The register file floating-point format uses a 17-bit exponent range, which has two more bits than the double-extended precision format, for at least three reasons. The first is related to the implementation in software of the divide and square root operations in the IA-64 architecture. Short sequences of assembly language instructions carry out these computations iteratively. If the exponent range of the intermediate computation steps is equal to that of the final result, then some of the intermediate steps might overflow, underflow, or lose precision, preventing the final result from being IEEE correct. Software Assistance (SWA) will be necessary in these cases to generate the correct results, as explained in [4]. The two (or more) extra bits in the exponent range (17 versus 15 or less) prevent the SWA requests from occurring. The second reason for having a 17-bit exponent range is that it allows the common computation of x2 + y2 to be performed without overflow or underflow, even for the largest or smallest double-extended precision numbers. Third, the 17-bit exponent range is necessary in order to be able to represent the product of all double-extended denormal numbers.
Special Values
The various floating-point formats support the IEEE mandated representations for denormals, zero, infinities, quiet NaNs (QNaNs), and signaling NaNs (SNaNs). In addition, the formats that have an explicit integer bit in the significand can also hold other types of values. These formats are double-extended, with 15-bit exponents biased by 16383 (0x3fff), and all the register file formats, with 17-bit exponents biased by 65535 (0xffff). The exponents of these additional types of values are specified below for the register file format:
unnormalized numbers: non-zero significand beginning with 0 and exponent from 0 to 0x1fffe, or pseudo-zeroes with a significand of 0, and exponent from 0x1 to 0x1fffeNote that one of the pseudo-zero values, encoded on 82 bits as 0x1fffe0000000000000000, is denoted as NaTVal ('not a value') and is generated by unsuccessful speculative load from memory operations (e.g. a speculative load, in the presence of a deferred floating-point exception). It is then propagated through the speculative chain to indicate in the end that no useful result is available.pseudo-NaNs: non-zero significand and exponent of 0x1ffff (unsupported by the architecture); the pseudo-QNaNs have the second most significant bit of the significand equal to 1; this bit is 0 for pseudo-SNaNs
pseudo-infinities: significand of zero and exponent of 0x1ffff (unsupported by the architecture)

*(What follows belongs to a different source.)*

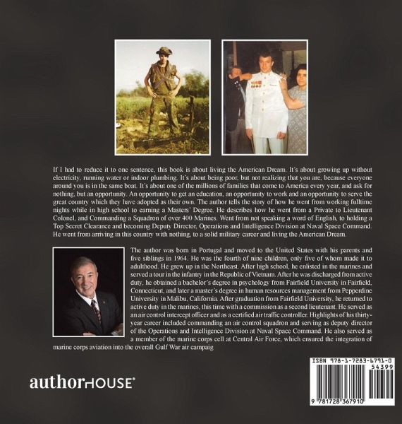 If I had to reduce it to one sentence, this book is about living the American Dream. It's about growing up without electricity, running water or indoor plumbing. It's about being poor, but not realizing that you are, because everyone around you is in the same boat. It's about one of the millions of families that come to America every year, and ask for nothing, but an opportunity. An opportunity to get an education, an opportunity to work and an opportunity to serve the great country which they have adopted as their own. The author tells the story of how he went from working fulltime nights while in high school to earning a Masters' Degree. He describes how he went from a Private to Lieutenant Colonel, and Commanding a Squadron of over 400 Marines. Went from not speaking a word of English, to holding a Top Secret Clearance and becoming Deputy Director, Operations and Intelligence Division at Naval Space Command. He went from arriving in this country with nothing, to a solid military career and living the American Dream.

Two special categories that overload other floating-point numbers in register file format are the SIMD floating-point pairs, and the canonical non-zero integers. Both have an exponent of 0x1003e (unbiased 63). The value of the canonical non-zero integers is equal to that of the unnormal or normal floating-point numbers that they overlap with. The exponent of 63 moves the binary point beyond the least significant bit, the resulting value being the integer stored in the significand. The SIMD floating-point numbers consist of two single-precision floating-point values encoded in the two halves of the 64-bit significand of a floating-point register, with the biased exponent set to 0x1003e. For example, the 82-bit value of 0x1003e 3f800000 3f800000 represents the pair (+1.0, +1.0). Note that all the arithmetic scalar floating-point instructions have SIMD counterparts that operate on two single-precision floating-point values in parallel.